■ Your assignment
Repeat nothing but the lines below running from the one containing "Skoda Superb Scout" to the one containing "Наливаю в миску". Keep both end lines.

■ Given information
—————

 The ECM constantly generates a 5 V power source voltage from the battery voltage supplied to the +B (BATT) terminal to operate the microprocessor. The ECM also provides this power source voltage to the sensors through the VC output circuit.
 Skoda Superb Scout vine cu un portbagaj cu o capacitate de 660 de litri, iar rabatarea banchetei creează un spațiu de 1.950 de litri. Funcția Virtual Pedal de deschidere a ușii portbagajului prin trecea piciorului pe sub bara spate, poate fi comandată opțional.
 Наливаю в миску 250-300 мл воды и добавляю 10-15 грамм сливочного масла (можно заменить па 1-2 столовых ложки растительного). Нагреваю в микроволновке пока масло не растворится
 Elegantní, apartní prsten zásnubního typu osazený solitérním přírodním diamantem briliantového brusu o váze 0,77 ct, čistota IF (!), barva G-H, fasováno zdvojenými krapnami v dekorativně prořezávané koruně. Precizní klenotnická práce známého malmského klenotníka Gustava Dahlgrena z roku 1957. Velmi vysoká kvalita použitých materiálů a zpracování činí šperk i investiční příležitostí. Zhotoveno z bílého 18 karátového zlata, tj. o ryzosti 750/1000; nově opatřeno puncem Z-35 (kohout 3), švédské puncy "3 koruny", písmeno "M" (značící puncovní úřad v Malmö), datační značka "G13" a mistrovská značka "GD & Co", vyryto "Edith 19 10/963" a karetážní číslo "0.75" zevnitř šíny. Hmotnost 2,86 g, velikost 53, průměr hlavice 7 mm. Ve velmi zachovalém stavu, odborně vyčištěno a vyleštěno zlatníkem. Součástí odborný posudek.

—————

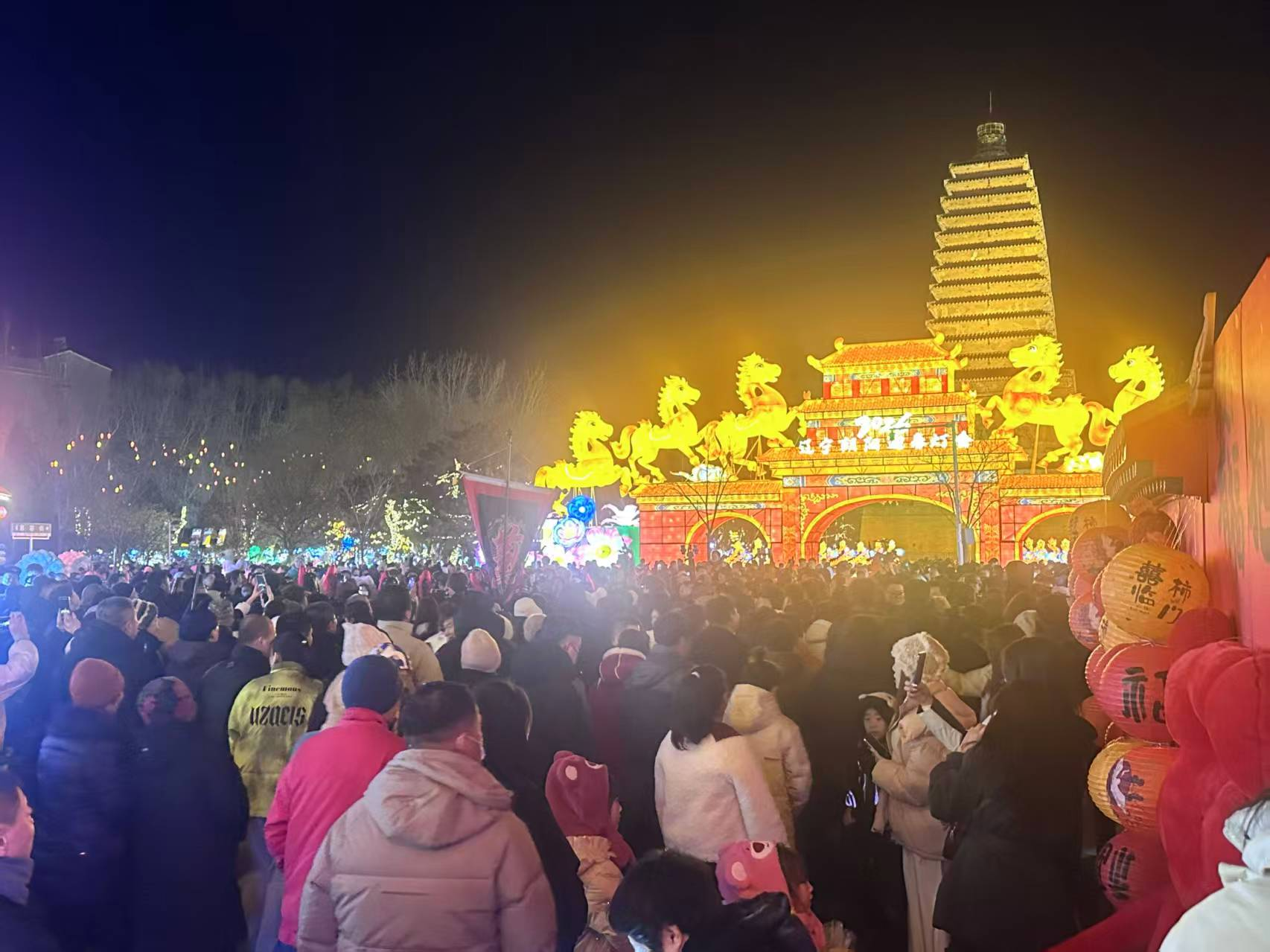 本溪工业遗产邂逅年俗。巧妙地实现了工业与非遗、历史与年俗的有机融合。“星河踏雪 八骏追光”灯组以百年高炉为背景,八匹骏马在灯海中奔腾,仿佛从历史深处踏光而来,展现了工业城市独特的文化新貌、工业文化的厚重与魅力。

—————

■ Response below
 Skoda Superb Scout vine cu un portbagaj cu o capacitate de 660 de litri, iar rabatarea banchetei creează un spațiu de 1.950 de litri. Funcția Virtual Pedal de deschidere a ușii portbagajului prin trecea piciorului pe sub bara spate, poate fi comandată opțional.
 Наливаю в миску 250-300 мл воды и добавляю 10-15 грамм сливочного масла (можно заменить па 1-2 столовых ложки растительного). Нагреваю в микроволновке пока масло не растворится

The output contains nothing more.